Majority of the patients underwent tracheostomy under local anaesthesia 75%, with only 25% under general anaesthesia. Its only 7.1% patients whose tracheostomy was a repeat surgery and the rest 92.9% were fresh tracheostomies and none of the re-tracheostomy had complications.
Surgeons do differ in the preference of surgical techniques. The techniques start from skin incision, underlying tissue dissection to the incision of the trachea. In this study, vertical incision on the skin was the most preferred (87.5%), while for the trachea, Y incision 46.4%, T incision 3.6%, and vertical slit incision 50% were used. Vertical incision is a quick technique but has a poor skin cosmetic. In this study 7.1% of tracheostomies were performed by maxillofacial surgeon and all were due to adjunct of head and neck surgery and none had complications. The rest of tracheostomies 92.9% were performed by residents and recorded 32.1% complications. Low number of complications to tracheostomies done by specialists can be attributed by small number of cases and experience.

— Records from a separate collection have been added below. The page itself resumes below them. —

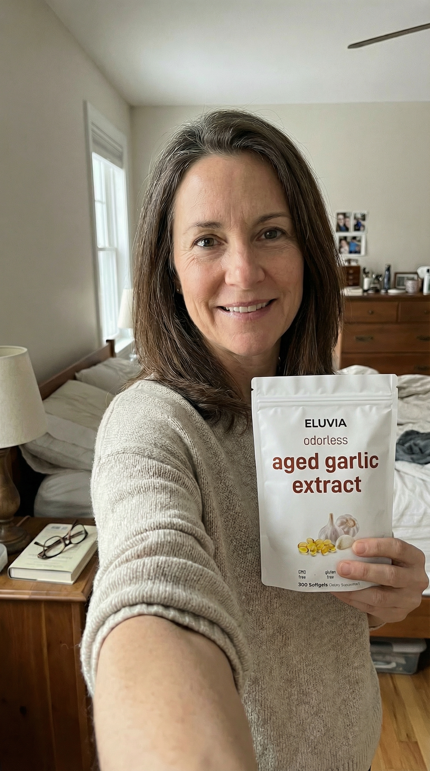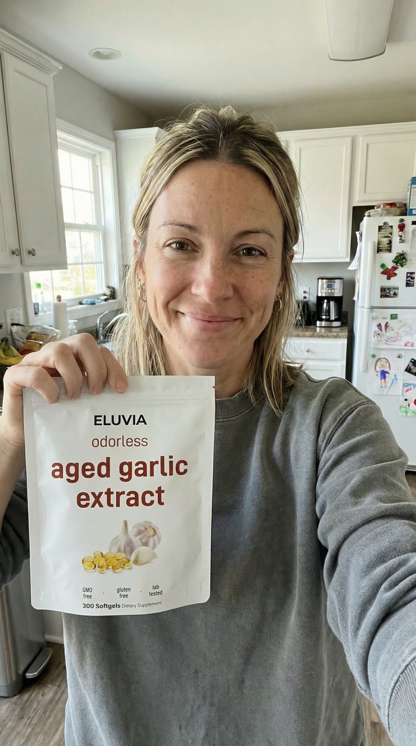"I've been taking this Eluvia aged garlic for about 5 days now, and honestly I'm impressed with how it's helping my blood pressure. Before starting this I was always worried about my numbers being too high, but I feel more confident now. The best part is it doesn't give me any garlic breath like other brands I've tried, so I have to give it a solid 5 stars. I definately recommend it."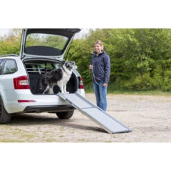 Diese Teleskop-Rampe von Trixie ist robust und für große Hunde geeignet.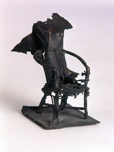 This is a unique abstract bronze sculpture by the late Italian artist Wilfried Senoner. It's made of bronze with a dark, distressed finish. The piece depicts a figure seated in a chair constructed from rough materials.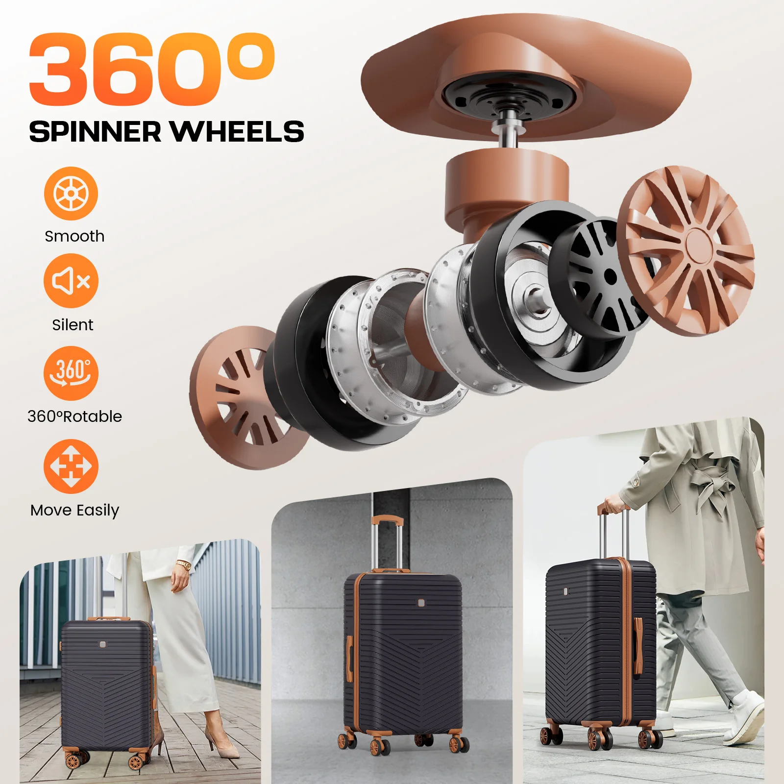 【360°Silent Spinner Wheels】Our suitcases have 360° swivel wheels for flexible movement in multiple directions; the retractable handle is ergonomic and has 3 height adjustments, making it easy for you to travel when you say you will

Tracheostomy tube blockage due to crusting (42.8%) was high among complications. This may be attributed by general tracheostomy care especially suctioning. There is no particular trend of complications. In the current study tother recorded complications were wound infections 14.3%, false tracheostomy 14.3%, surgical emphysema 9.5%, apnea 9.5%, haemorrhage 4.8% and tube dislodgement 4.8%.
It has been reported that high incidence of tracheostomy related complications is in paediatrics than in adults due to anatomical reasons. In this study, the trend is toward the older age.
This can be due to anatomical changes, mostly in patients with head and neck malignancies.
5. Limitations
The fact this was a single-centre design one cannot generalize its findings.
There was a possibility of selection bias based on the method used.
6. Conclusion
The commonest indications for open tracheostomy were upper airway obstruction followed by prolonged intubation, adjunct to head and neck surgery and lower airway protection. Most common complications were tracheotomy tube blockage, false tracheotomy and wound infections. Increased age was the only significant predictor.
Recommendations
Efforts should be invested to doctors and nurses to meticulously perform tracheotomies and on the care of tracheotomy respectively to mitigate the occurrence of complications
Most complications were related to the underlining conditions, we recommend thorough review of the patients as to whether they need it.
A longitudinal study with larger sample size and longer follow up period will widen our understanding of late complications.
Ethical Approval
The study was approved by the Institutional Ethics Committee.